→ **Data segment**:
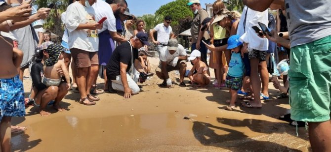 Didim’i tercih eden caretta carettaların yavruları denizle buluştu
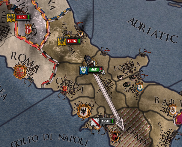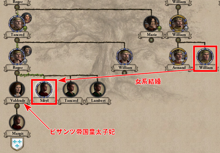 ウ: 直轄領1? シ: そう。彼は首都のナポリを抑えているだけ。 ナポリとアブルッツォ以外はオートヴィル家の公爵が治めているわ。 前国王アルマン様もカプア公として2プロビを所有。 ウ: まあでも、これから領地没収の嵐が吹くだろう。 シ: そうかもね。 ただ…、史実でもオートヴィル朝は神聖ローマ帝国に滅ぼされたけど、史実と大きく違うのは、神聖ローマ皇帝がシチリア王を兼ねていない、ということね。 神聖ローマ皇帝とシチリア王は従兄弟の関係よ。
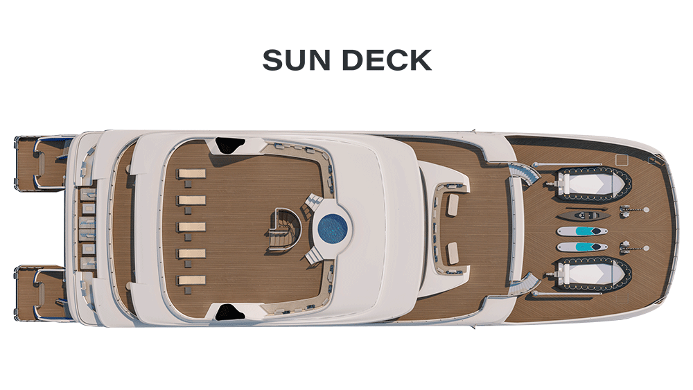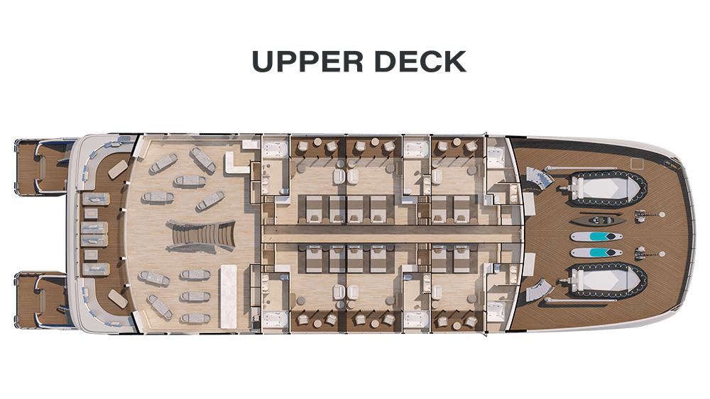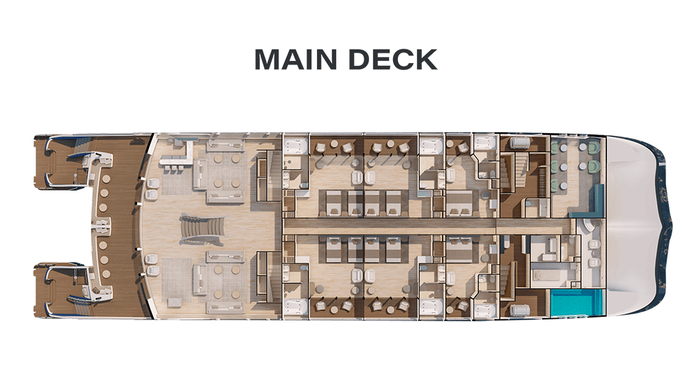 The Hermes Mega Catamaran features 12 opulent, convertible suites spread across the main and upper decks. Each suite elevates your journey on this ultra luxury Galapagos Cruise, boasting amenities like a walk-in closet, mini bar, floor-to-ceiling windows, a private balcony, and a jacuzzi. These deluxe accommodations ensure your time on board is as spectacular as the islands you explore.
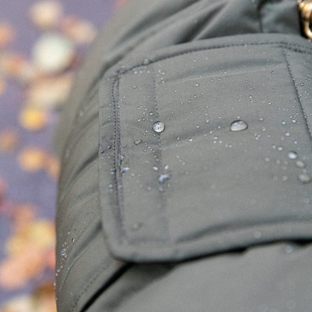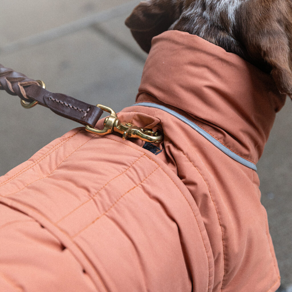 För optimal synlighet i det mörka höst- och vintervädret har jackan utrustats med reflexpiping längs hals och bakdel samt en reflexlogotyp där bak. Även en dold öppning för sele/halsband finns på ryggen för optimal funktionalitet. Remmen runt magen spänns med kardborreband och kan därmed anpassas exakt efter varje individs bröstomkrets.

→ **Exercise**: Each line of the data is to be duplicated exactly; pictures stay out of the copy.

→ **Answer space**:
 Didim’i tercih eden caretta carettaların yavruları denizle buluştu
 ウ: 直轄領1? シ: そう。彼は首都のナポリを抑えているだけ。 ナポリとアブルッツォ以外はオートヴィル家の公爵が治めているわ。 前国王アルマン様もカプア公として2プロビを所有。 ウ: まあでも、これから領地没収の嵐が吹くだろう。 シ: そうかもね。 ただ…、史実でもオートヴィル朝は神聖ローマ帝国に滅ぼされたけど、史実と大きく違うのは、神聖ローマ皇帝がシチリア王を兼ねていない、ということね。 神聖ローマ皇帝とシチリア王は従兄弟の関係よ。
 The Hermes Mega Catamaran features 12 opulent, convertible suites spread across the main and upper decks. Each suite elevates your journey on this ultra luxury Galapagos Cruise, boasting amenities like a walk-in closet, mini bar, floor-to-ceiling windows, a private balcony, and a jacuzzi. These deluxe accommodations ensure your time on board is as spectacular as the islands you explore.
 För optimal synlighet i det mörka höst- och vintervädret har jackan utrustats med reflexpiping längs hals och bakdel samt en reflexlogotyp där bak. Även en dold öppning för sele/halsband finns på ryggen för optimal funktionalitet. Remmen runt magen spänns med kardborreband och kan därmed anpassas exakt efter varje individs bröstomkrets.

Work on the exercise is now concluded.